Députés et représentants politiques des mouvements kurdes se mobilisent en Europe pour dénoncer les bombardements ordonnés par Erdogan contre la ville d’Afrin en Syrie. Ils ont manifesté mardi à Strasbourg pour réclamer le soutien du Conseil de l’Europe.
Le Conseil de l’Europe à Strasbourg est depuis le début de la semaine le point de convergence de nombreux élus et représentants politiques Kurdes qui profitent de la session d’hiver de l’assemblée parlementaire ( qui réunit des députés de 48 pays d’Europe, dont la Turquie ), pour venir expliquer les conséquence des attaques menées depuis samedi par la Turquie contre le canton et la ville d’Efrin située en Syrie, et placée sous administration kurde. La tension est sensible, à l’intérieur même des bâtiments du Conseil, entre les élus et les diplomates turcs soutenant l’action militaire lancée par Erdogan, et les députés et les représentants kurdes qui dénoncent l’agression contre les civils, et soutiennent la résistance des combattants kurdes face à l’agression de la Turquie.

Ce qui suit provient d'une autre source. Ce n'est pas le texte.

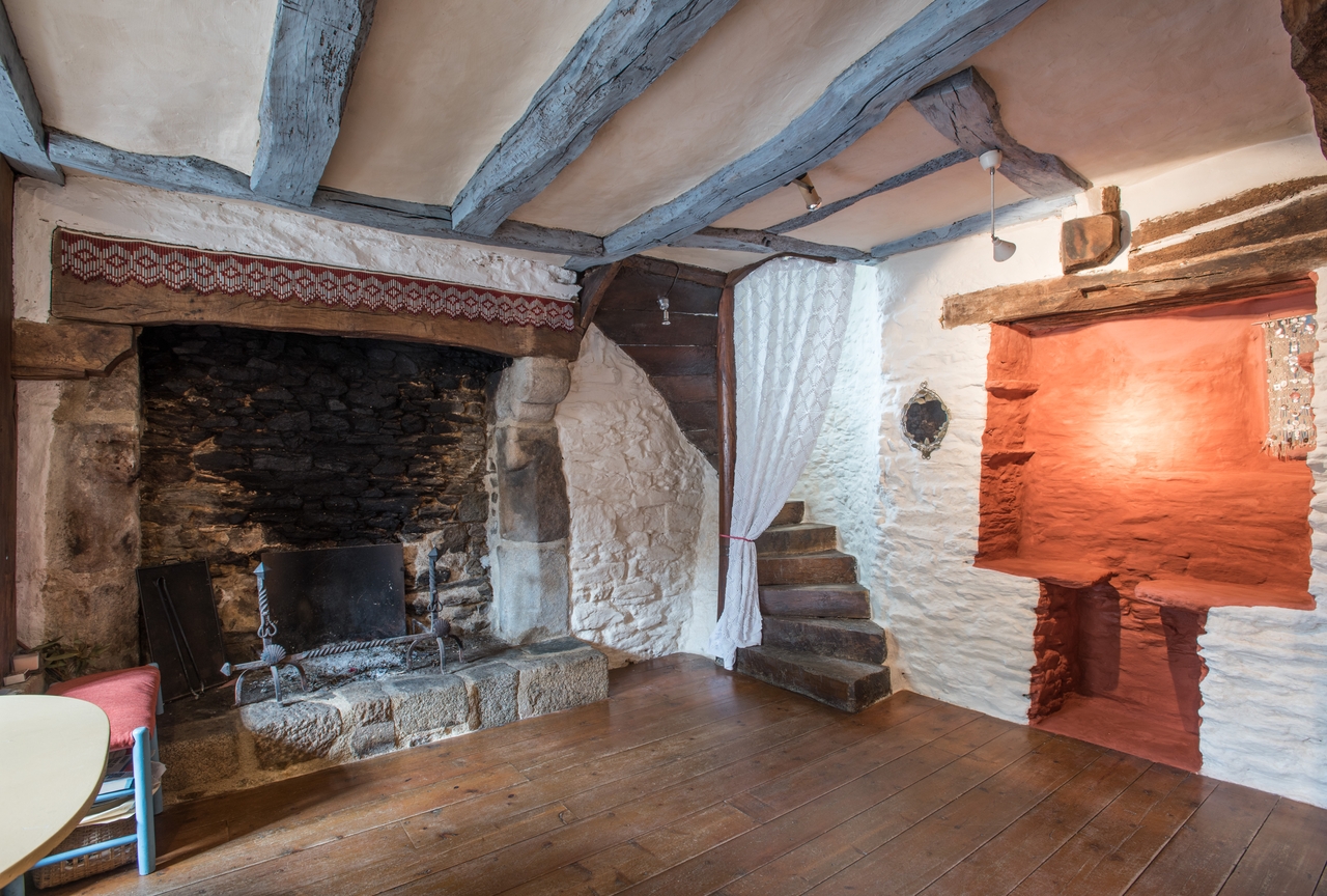 Salle du rez-de-chaussée avec cheminée, escalier en vis et placard mural. Vue généraleImmatriculation
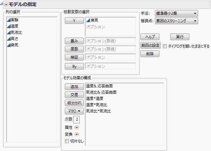 「モデルのあてはめ」ウィンドウは2因子の応答曲面モデルの指定のようになります。
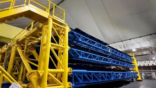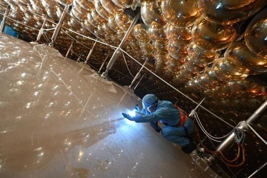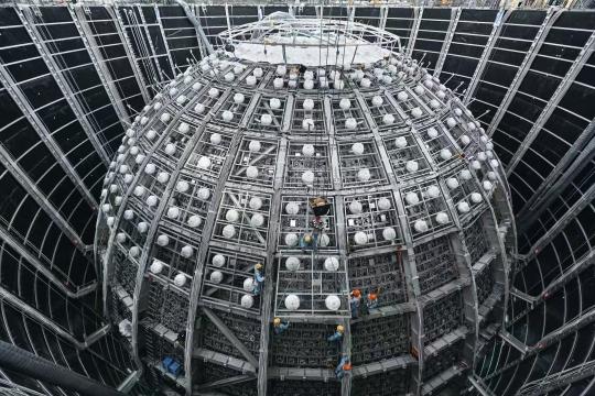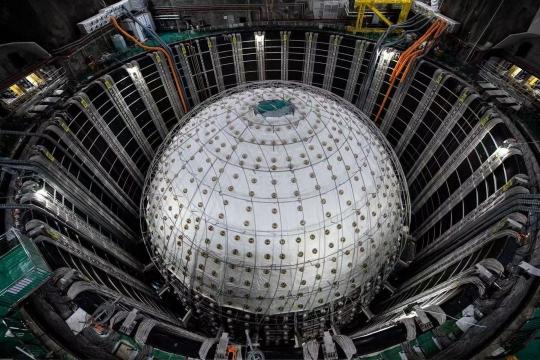 JUNO研发团队历经多年攻关,在高探测效率光电倍增管、超高透明度液体闪烁体、超低本底材料和精密刻度系统等核心领域实现重大突破。JUNO的核心探测器为有效质量达2万吨的液体闪烁体探测器,安置于地下实验大厅44米深的水池中央。直径41.1米的不锈钢网壳作为主支撑结构,承载了包括35.4米直径的有机玻璃球、两万吨液体闪烁体、两万只20英寸光电倍增管、两万五千只3英寸光电倍增管以及前端电子学、电缆、防磁线圈和隔光板等众多关键部件,共同构建起超高灵敏度的中微子探测系统。
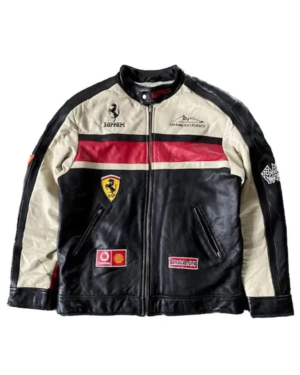Buy Vintage Leather Black and Red Ferrari F1 Racing Motorcycle Jacket
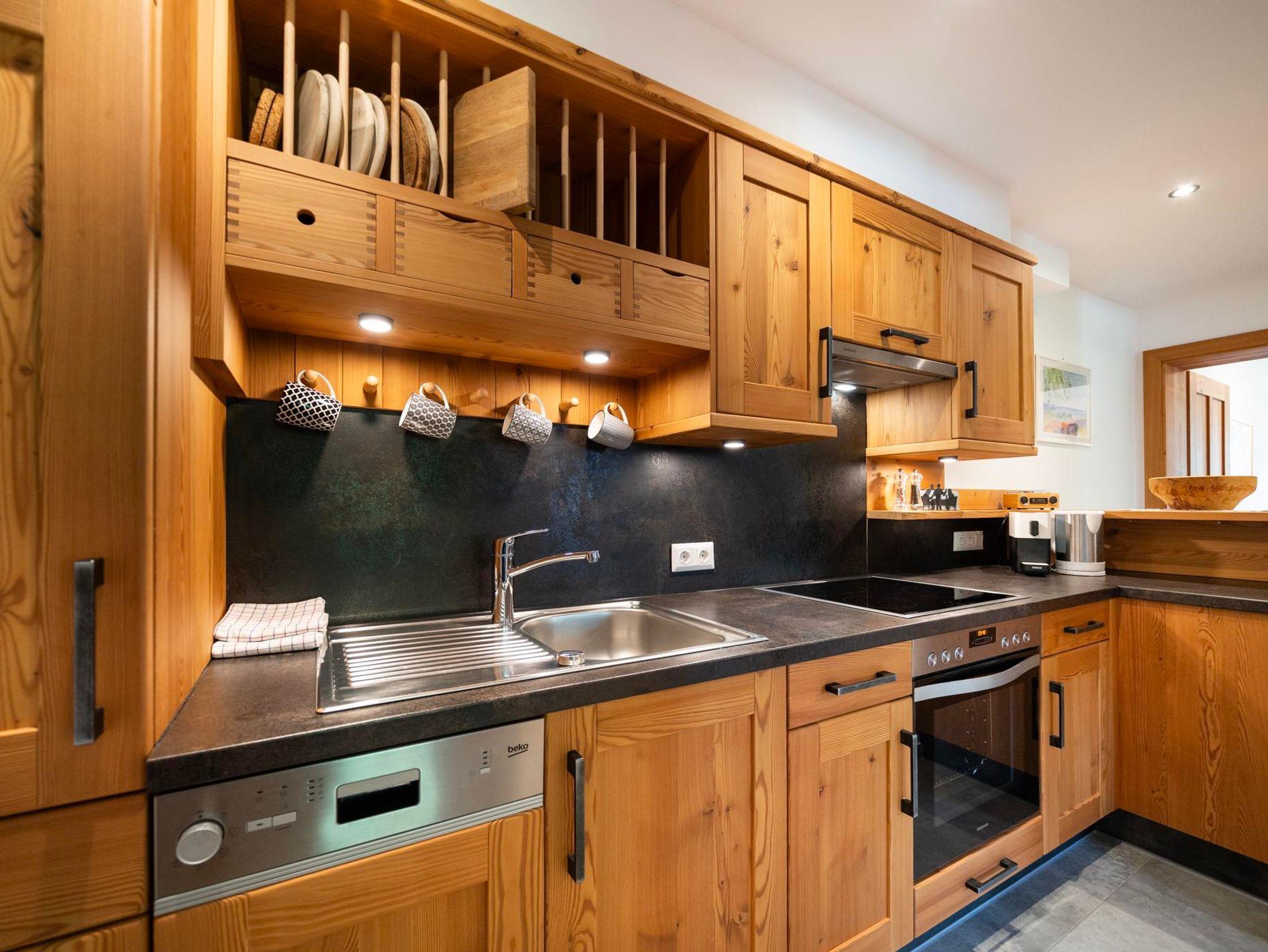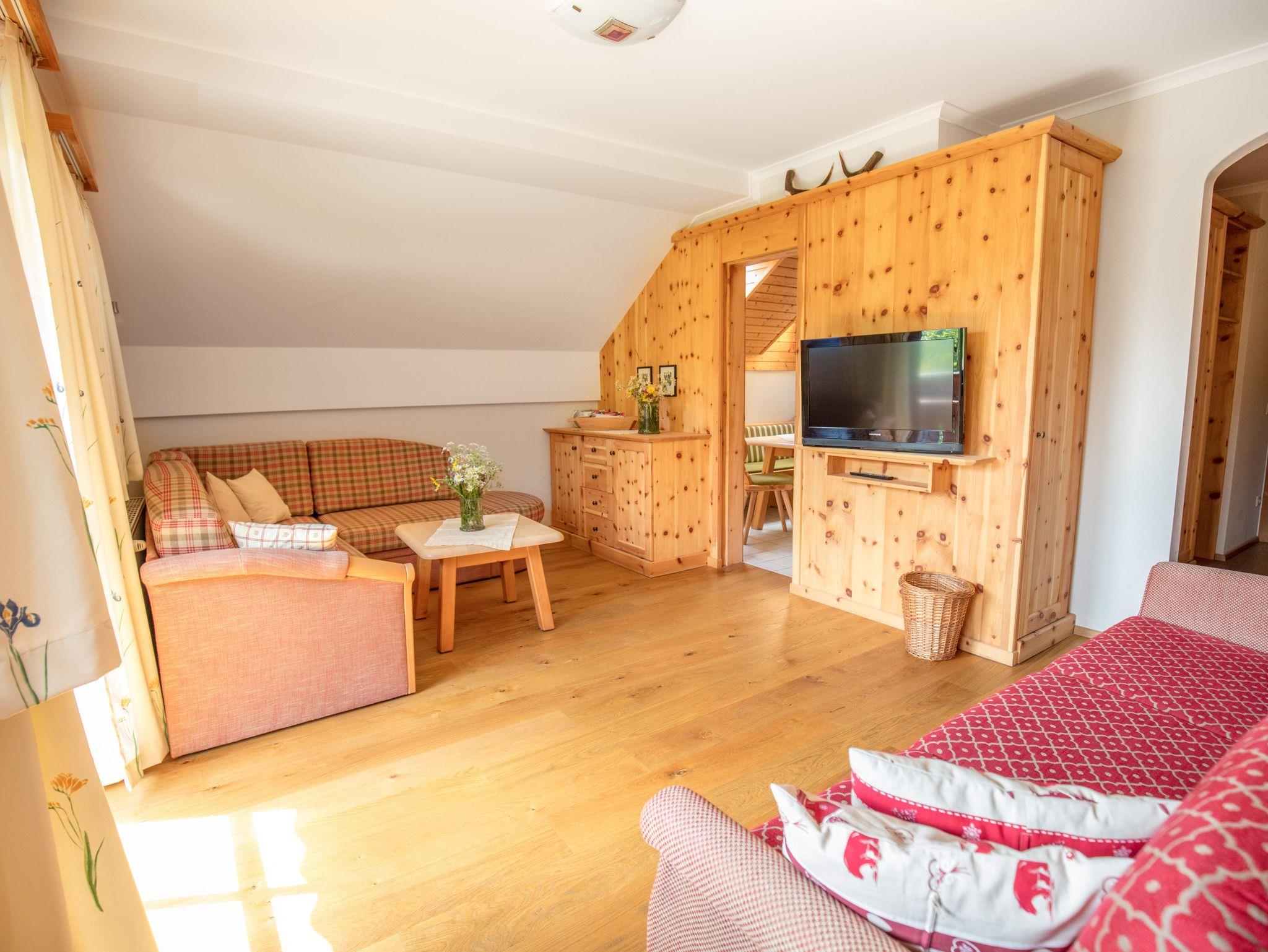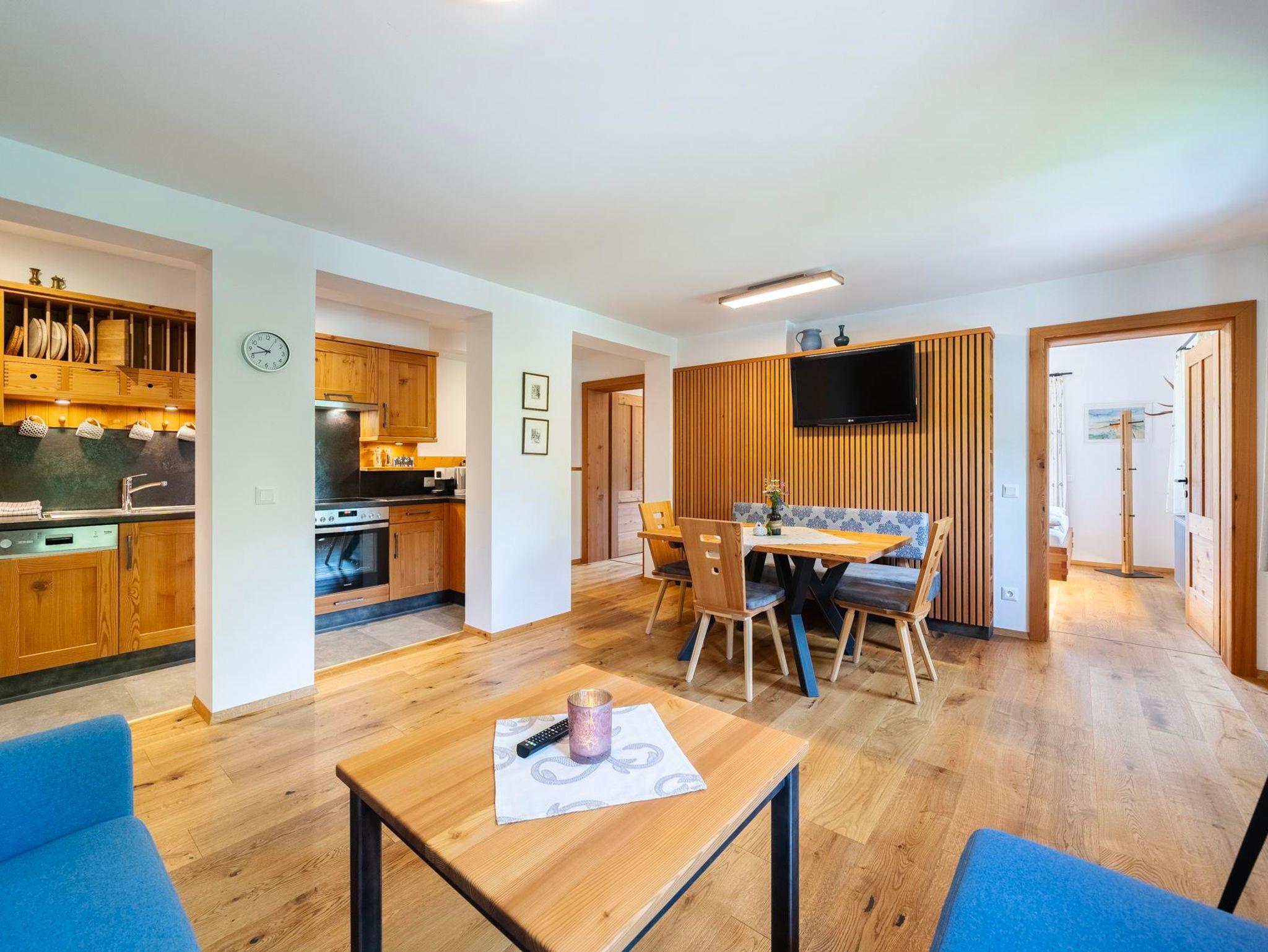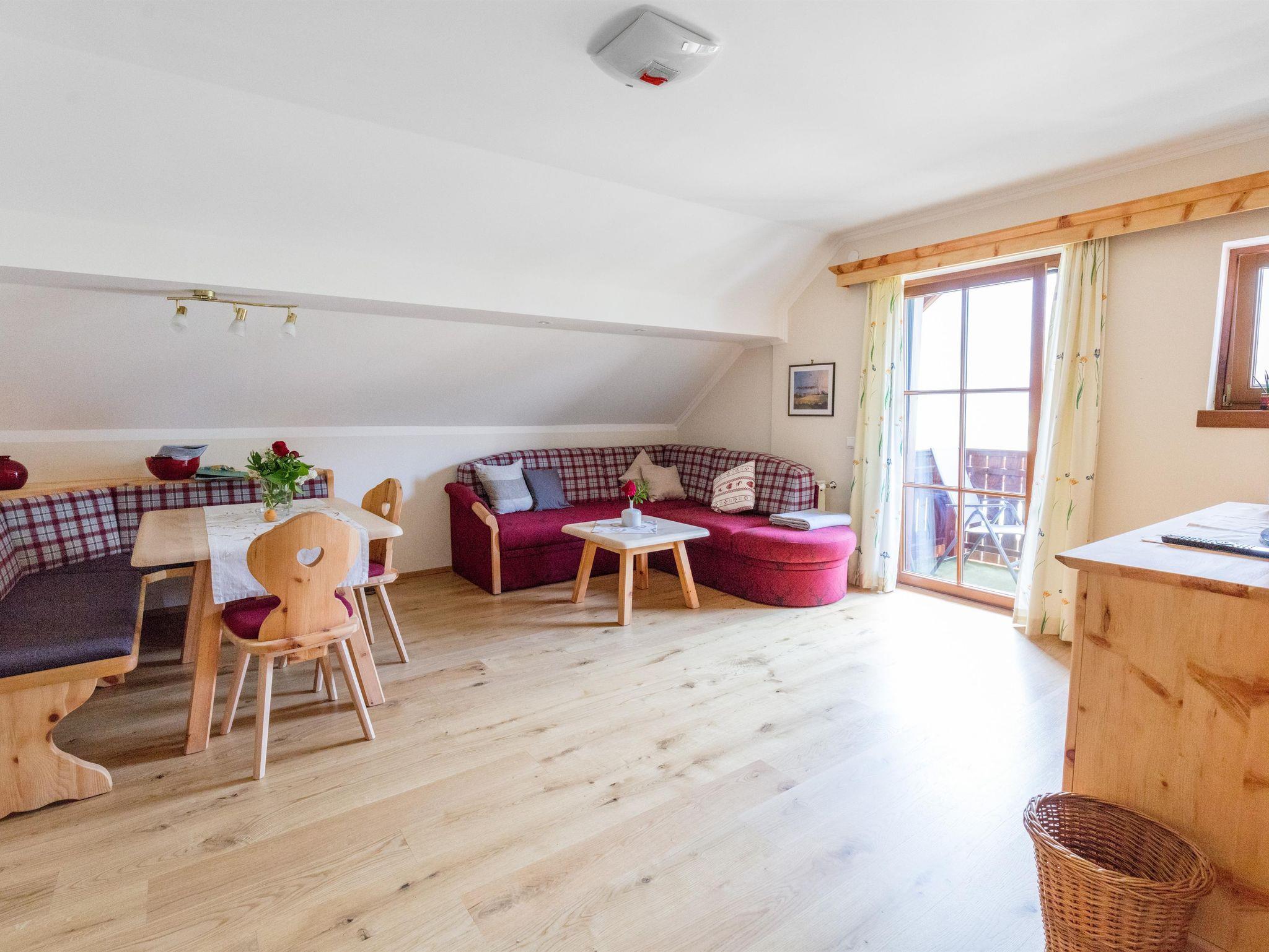 Unser neu gestaltetes Appartment aus heimischen Lärchenholz verfügt über eine voll eingerichteten Küche , zwei Schlafzimmer , Wohnraum, Bad, WC, Radio , Sat-TV , WLAN und eine Balkon mit Blick auf die Berglandschaft.

Dès samedi, les bombardements de l’aviation turque se sont accompagnés au sol d’une offensive du groupe djihadiste Hayet Al-Tahir ( ex-Font Al-Nosra, ex-Al-Qaïda ), allié d’Erdogan dans cette offensive menée contre une ville qui avait jusqu’à présent été épargnée par les combats de la guerre en Syrie. Selon plusieurs sources, il y aurait déjà plusieurs dizaines de morts, dont de nombreux civils. Erdogan vient de transformer la guerre contre Daesh en une guerre faite à ceux qui ont permis au Moyen-Orient de se débarrasser de Daesh.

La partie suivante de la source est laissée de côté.